Um es kurz zu machen: das lassen wir. Angesichts der „Ereignisse“ rund um den Jahreswechsel gilt zwar der erste Absatz, denn das wünschen wir tatsächlich allen Kolleginnen und Kollegen im öffentlichen Dienst, die an ihrer jeweiligen Stelle ihren Beitrag dazu leisten, dass unser Berlin irgendwie weiterläuft.
Für die Kolleginnen und Kollegen der Feuerwehr und Polizei gilt das gleichermaßen – und doch fanden sich viele von ihnen zum Jahreswechsel in Arbeitssituationen wieder, in denen sie um ihre Gesundheit, im wahren Wortsinn um ihr Leben bangen mussten. Da kann man ja wohl nicht davon ausgehen, dass hier nur mal situativ was aus dem Ruder gelaufen ist.

Dieses Ausmaß an Bedrohung und Gewalt gegenüber Vertreterinnen und Vertretern des Rechtsstaats durch einen weit überwiegend jungen, männlichen, gewalttätigen und menschenverachtenden Mob ist das Ende einer unheilvollen Entwicklung, die sich seit vielen Jahren vollzogen hat.

Schluss mit den Ausreden!

Wir brauchen seitens der Medien und der Politik keine Betroffenheitslyrik, keinen kurzfristigen Aktionismus für die nächsten drei, vier Wochen (bedingt durch die Wiederholungswahl dieses Mal vermutlich etwas länger). Wir wollen hier als landesweite Beschäftigtenvertretung für alle unsere Kolleginnen und Kollegen ganz unmissverständlich klarstellen, dass es NIEMANDEM zuzumuten ist, sich im Dienst oder bei der Arbeit durch organisierte tätliche Angriffe und Hinterhalte angreifen und verletzen zu lassen. Das verletzt die Menschenwürde der Beschäftigten! Und es ist nach den Vorkommnissen zum Jahreswechsel, die nur die Spitze des Eisbergs darstellen, jede Form von Entschuldigung für die Täterinnen und Täter zu unterlassen. Die Beschäftigten im öffentlichen Dienst spüren in sehr wahrnehmbarer Weise eine große Solidarität und Anteilnahme mit den Verletzten/Traumatisierten und sind fassungslos über die Aggression und Menschenverachtung der Täter. Die Erwartung ist, dass die Täter tatsächlich (und nicht nur in Sonntagsreden) die in Rede stehende „gesamte Härte des Gesetzes“ spüren, damit ihnen die Chance gegeben wird, dem Rechtsstaat und damit der Gesellschaft gegenüber den Respekt zu empfinden, der uns allen gebührt.

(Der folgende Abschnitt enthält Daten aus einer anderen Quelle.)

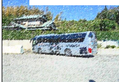
高Aの修学旅行は今年も出発式から大いに盛り上がりました

例年、第2回学校評議員会議は福祉避難所運営協議会を兼ねて運営させていただいており、今年で7回目を迎えました。本年も学校評議員の皆様、PTA役員の有志、近隣地区自治会の防災協議会の幹部の方々、鎌倉市福祉総務課、同総合防災課、同障害福祉課の各担当係長の皆様のご参加をいただき、有意義な協議ができました。今後の課題は、ミニ防災拠点（関谷小）と福祉避難所との連動性や被災者の振り分け（トリアージ）について具体的なシステムづくりに向けた合同防災訓練などプランなどを話し合いました。論より証拠。来年度は合同防災訓練の実現を図っていきたくと思っています。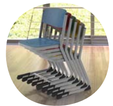
Bis zu 5 Stühle stapelbar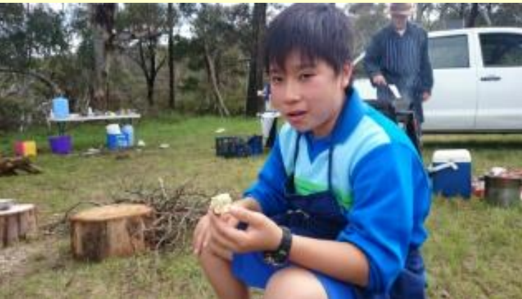
192 ブッシュクッキング ん！おいしいよ！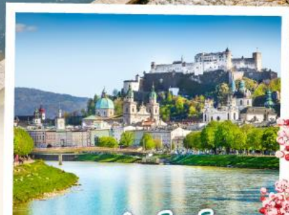
ซาคส์บวร์ค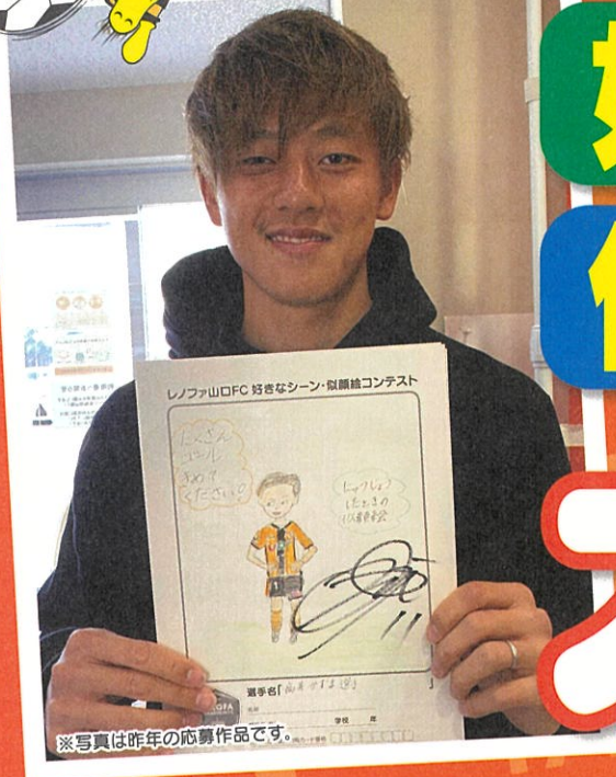
※写真は今年の応募作品です。

山口市立中央図書館では、レノファ山口FCの選手をテーマとした「好きなシーン」や「似顔絵」を募集します。選手の笑顔、シュートシーン、キャッチングシーン等どんな絵でも結構です。応募いただいた中から、描かれた選手自らが一枚お気に入りを決めて、絵と一緒に写真撮影と選手本人の直筆サインを絵に入れて応募者にお返しします。さらに、応募してくれた人全員の中から抽選で10名にレノファグッズが当たるWチャンスも!!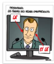
● Babouse_Charlie Hebdo.jpg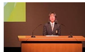
さんの発表の様子

10月26日（火）、石狩管内中学校文化連盟生活体験・英語発表大会が、江別の大麻公民館・えぼあホールで行われ、学校の代表として本校から2名の生徒が参加しました。生活体験発表では、3年4組の さんが『輝く小指』と題して、自分の怪我の体験から人々が安心して暮らすことができる社会の実現を目指そうとする決意が、穏やかな口調で語られました。また、英語暗唱発表では、3年3組の さんがオードリー・ヘップバーンの生涯を、流暢な発音と温かな視線で語られました。2名の生徒とも、表現力豊かに堂々と発表している姿に感動しました。このように、文化活動やスポーツの面でも、10月から11月にかけて生徒の活躍が光りました。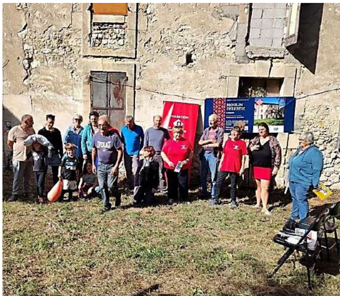
Au moulin Délestic, après la randonnée d'orientation, avec la Fondation du Patrimoine 04

Es ist auch nicht damit gedient, jetzt zu runden Tischen zu laden (wenn auch nicht verkehrt). Es gilt in allererster Linie, endlich mal alle Dinge klar beim Namen zu nennen, die hier schieflaufen und auch die Ursachen dafür klar beim Namen zu nennen.

Wenn festgestellt wird, dass bestimmte soziokulturelle Herkünfte oder Wertmaßstäbe dieses Verhalten begünstigen, dann ist darüber zu reden, wie man Werte wie Menschenwürde, Respekt, Gleichwertigkeit von Frau und Mann, freie Meinung, freier Glauben, freie Persönlichkeitsentfaltung, Gewaltfreiheit und Rechtsstaatlichkeit verbindlich vermitteln kann. Denn diese sind nicht beliebig, nicht diskutabel und stellen den Grundkonsens unserer Gesellschaft dar.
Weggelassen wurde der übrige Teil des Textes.